**YOUR GOAL**
Leaving out all pictures, give again each line exactly, from the start of the listing through the line that contains "MODERN MECHANIX AND".

--- RECORDED INFORMATION Enclosed Below ---

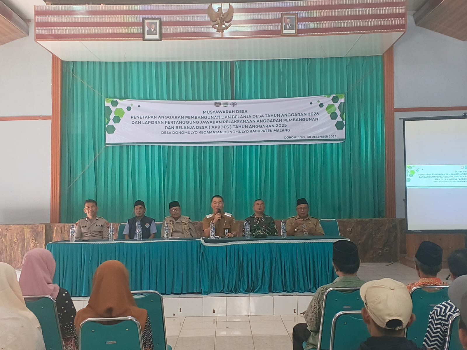 Malang, Barometer99.com – Komandan Rayon Militer (Danramil) 0818/11 Donomulyo, Kapten Infanteri Sunarko, menghadiri Rapat Musyawarah Desa (Musdes) penetapan Anggaran Pendapatan dan Belanja Desa (APBDes) Tahun Anggaran 2026 serta laporan pertanggungjawaban APBDes Tahun Anggaran 2025 yang digelar di Balai Desa Donomulyo, Kecamatan Donomulyo, Kabupaten Malang, Selasa (30/12/2025).
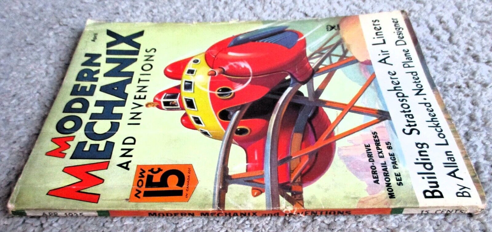 MODERN MECHANIX AND INVENTIONS V. 13, #6 (Apr. 1935) Aero-Drive Monorail Express
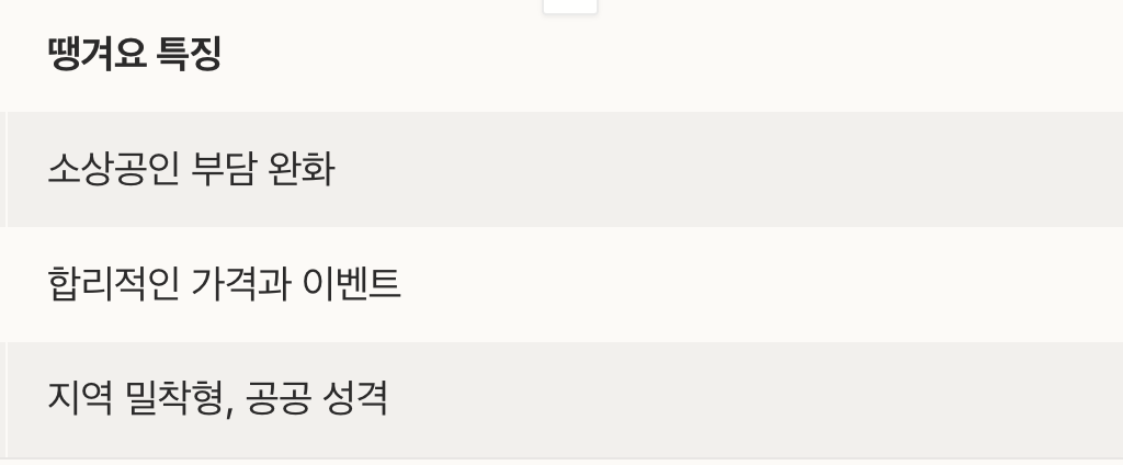 민간 플랫폼이 전국 단위 경쟁에 집중한다면, 땡겨요는 지역 밀착형 서비스라는 점이 다릅니다. 특정 지역 주민들이 자주 찾는 매장과 연결되어 있어 지역 상권을 직접적으로 살릴 수 있는 구조입니다.

--- End of Enclosed RECORDED INFORMATION ---

**YOUR RESPONSE**
 Malang, Barometer99.com – Komandan Rayon Militer (Danramil) 0818/11 Donomulyo, Kapten Infanteri Sunarko, menghadiri Rapat Musyawarah Desa (Musdes) penetapan Anggaran Pendapatan dan Belanja Desa (APBDes) Tahun Anggaran 2026 serta laporan pertanggungjawaban APBDes Tahun Anggaran 2025 yang digelar di Balai Desa Donomulyo, Kecamatan Donomulyo, Kabupaten Malang, Selasa (30/12/2025).
 MODERN MECHANIX AND INVENTIONS V. 13, #6 (Apr. 1935) Aero-Drive Monorail Express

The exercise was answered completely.